Stakeholder accounts
This calculation is based on the following assumptions:
- A range of potential growth rates. The ones used here for the part of the stakeholder invested in shares are the Financial Services Authority's standard projection rates for Individual Savings Accounts (ISAs) and CTF accounts, which are 5%, 7% and 9%
- The full value of the investment is invested in stocks and shares up until age 13
- Moving money from shares into less volatile assets from age 13 (sometimes known as 'life-styling'). The effect of doing this will depend on market conditions at the time. Remember the value of shares can go down as well as up
- Providers will decide how much money to move from shares to less volatile investments and how quickly.

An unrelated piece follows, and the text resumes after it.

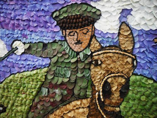 Жители деревни берут большие деревянные доски, покрывают их глиной и вдавливают в нее лепестки цветов, веточки, семена и другие предметы природного происхождения, чтобы воплотить сцены из Библии или сказок. Эти доски затем используются для украшения местных колодцев и источников.

For this calculation only, we have assumed that the less volatile investments will be the same as in savings accounts. We have also assumed that investments will be moved in the proportions in the table below. These are artificial assumptions (and not a model of what will happen in practice). In particular there is no obligation on providers (or expectation) that they will follow these assumptions
Year up to child's age | Proportion of investment in stocks and shares | Proportion of investment in cash |
|---|
13 | 80% | 20% |
14 | 60% | 40% |
15 | 40% | 60% |
16 | 20% | 80% |
17 | 0% | 100% |
- The calculator assumes an interest rate of 3.5% on the savings part of the account. This is the same as the interest rate assumed for savings accounts in the calculator. The interest takes account of a 1% charge by the provider as explained in the details under Savings Account
Management charge on savings accounts - The calculator only applies the Annual Management Charge which you have entered to the part of the account invested in shares (assumed to be the entire fund until age 13). Remember that management charges on stakeholder accounts can vary but cannot be more than 1.5% a year. The calculator therefore limits the annual management charge that can be entered for a stakeholder account to between 0% and 1.5%. The Government rules also mean that no additional management or administration charges can be made.
Shares accounts
This calculation is based on the following assumptions:
- A range of potential growth rates. The ones used here are the Financial Services Authority's standard projection rates for ISAs and CTF accounts, which are 5%, 7% and 9%
- The Annual Management Charge which you have entered. On accounts that are not stakeholder accounts there is no set limit for the annual management charge and providers may charge additional management and administration fees on top
- This calculation is based on the assumption that the full value of the investment is invested in stocks and shares up until age 18. Remember the value of stocks and shares can go down as well as up.